CHAPTER 2
Jacqueline
Today was shaping up to be a glorious day. Didier De Mees-mecker’s interview of me and his rave review of our company’s production of La Bohème just came out in this week’s Télémoustique; it was Monday, so no performance, and I was planning to create a beautiful dinner for my family. It was warm enough so I could leave my Burberry raincoat open, a rare and welcome occurrence this time of year. A pale October sun was shining, making the wet cobblestones in my Brussels neighborhood sparkle, and best of all, I was three days late.
Through the thick wooden door, I could hear the phone ringing as I struggled to turn the oversized key in the ancient lock, juggling my bag, this morning’s mail, and a straw shopping basket spilling over with what would become tonight’s dinner, as well as two copies of Télémoustique—one for my father. It would have hurt the show if I’d sounded inane or didn’t come off as the consummate professional who had it all: the golden voice, the golden home, the golden husband who adored her. Everything but the golden womb. But even that was about to change.
The key finally turned in the lock as the baguette slid to the floor. I picked up the bread and jammed it under my arm, hygiene be damned, and ran for the phone, which naturally stopped and went to voice mail the instant I reached it. Merde! I had forgotten to empty my mailbox, which was full. Again.

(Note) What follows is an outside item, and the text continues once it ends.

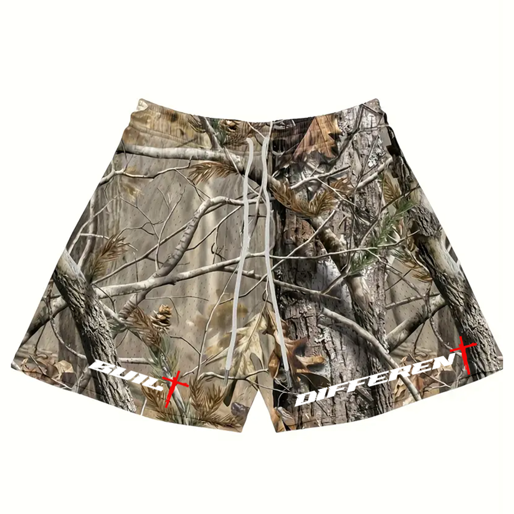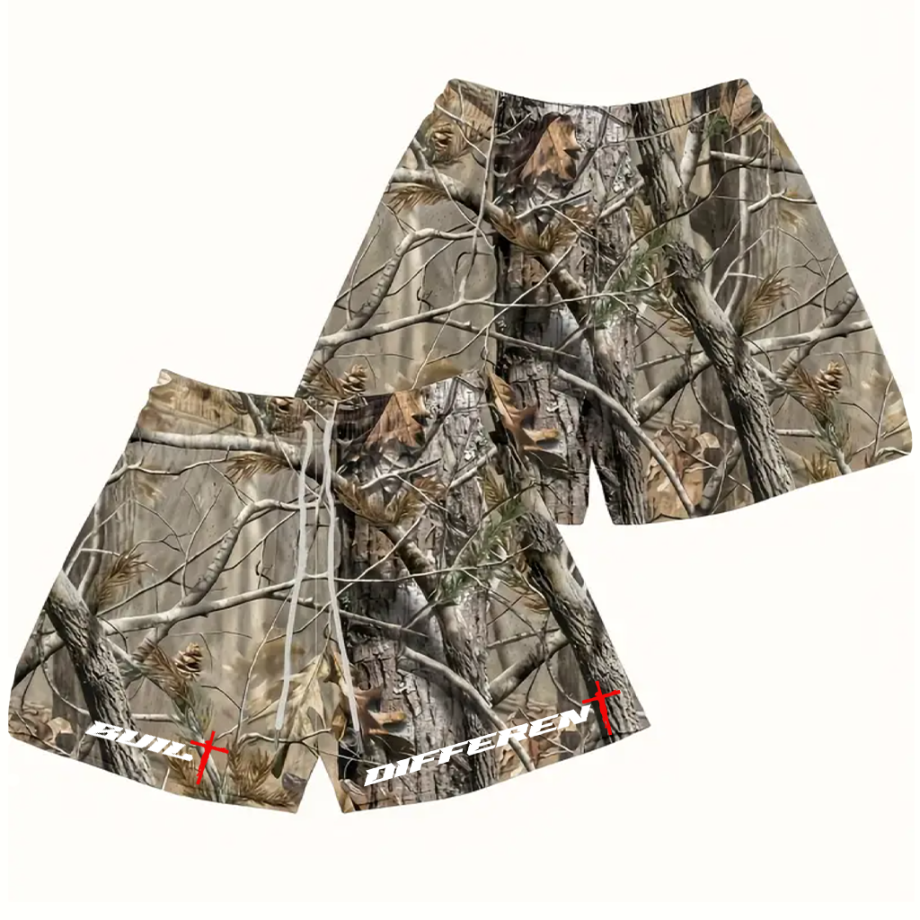 Get your "Built Different Outside Shorts" 6" SEAM SHORTS today! With free shipping, you can get the fan favorite "Built Different Outside Shorts"! Featuring Tree camo, these shorts combine bold style with a powerful statement!

I hung up my raincoat, then turned back toward the door and closed it firmly, not bothering to lock it. We should really see about upgrading our security, but our leafy Brussels neighborhood was the picture of tranquility, right out of a gentler time. And I loved our home with the single-minded purity of first love.
The instant I’d stepped through the open doors and into the garden, I knew I’d found my home. Never mind that it was wild and overgrown. To make up for its gray skies and pouring rain, Mother Nature had given Belgium a green even emeralds would envy. The garden was walled with ancient bricks that went from gray to ochre, to a pink so pale it was almost too shy to be called a color. A huge chestnut tree dwarfed a weeping willow. Toward the back—the clincher—two cherry trees and a peach tree, both in need of serious pruning, sheltered a carved stone bench and a small pond, stagnant and choked with weeds and rotting leaves.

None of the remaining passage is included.